Mechano-chemical processing of nanoparticles. Professor Michael Zinigard, Rector of the Ariel University Center in Samaria.
There is a continuous demand in the market to improve the quality and capacity of the products without compromising the visibility, texture and behavior of the product. For example, increasing the protective power of sunscreen or strengthening aluminum for industry and transportation without making it too heavy or making it flexible while maintaining its strong properties. Professor Zinigrad's laboratory, in collaboration with a central research laboratory in Russia, found a mechano-chemical material processing method, which mechanically processes chemical materials to the nano-particle level in such a way that the particles receive additional energy during processing.
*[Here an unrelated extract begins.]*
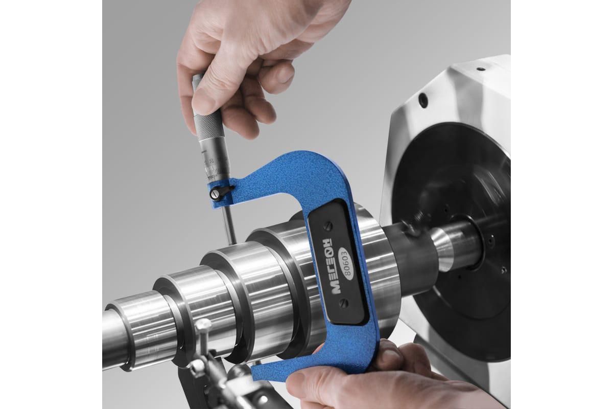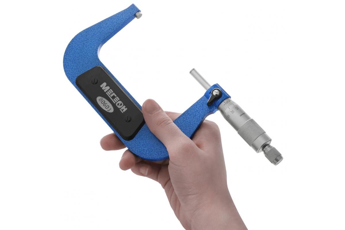 МЕГЕОН 80603 – новинка в модельном ряду классических микрометров высокой точности измерения. Представленная модель позволяет проводить замеры деталей в диапазоне 75 ... 100 мм с погрешностью не более 0,01 миллиметра. Для точной установки нуля в комплекте поставки предусмотрена установочная мера. Измерительные поверхности имеют твердосплавные напайки, что в свою очередь является признаком качества инструмента. Скоба обработана молотковой краской с высокими показателями сопротивления к сколам и царапинам. Дополнительно в местах касания пальцев установлена теплоизоляционная накладка с внешней и тыльной сторон. Для изготовления всех элементов конструкции была применена качественная инструментальная сталь. Проскальзывание пальцев исключается благодаря сетчатой накатке, нанесённой на барабан и трещотку. Предотвращение повреждений во время транспортировки и хранения обеспечивается ударопрочным футляром.

This way the materials are both smaller and more powerful. How is this reflected in the industry?
In the sun cream, for example: Professor Zinigard's processing method allows him to take the material of a sunscreen of a certain strength and turn it into a much stronger protection, all this without damaging the texture and fluidity of the material.
In aluminum for example: Prof. Zinigard's processing method developed the ability to process particles from the "non-metallic" group to the level of nanoparticles. This processing makes it possible to add the particles into the aluminum compounds intended for aircraft construction. The fact that the particles are nano-sized makes it possible to mix a small amount in the compound in relation to the amount of aluminum - but still have a large number of particles in the material. Furthermore, the processing makes the parts have such properties that they make the aluminum compound stronger and more flexible without being heavier or more brittle.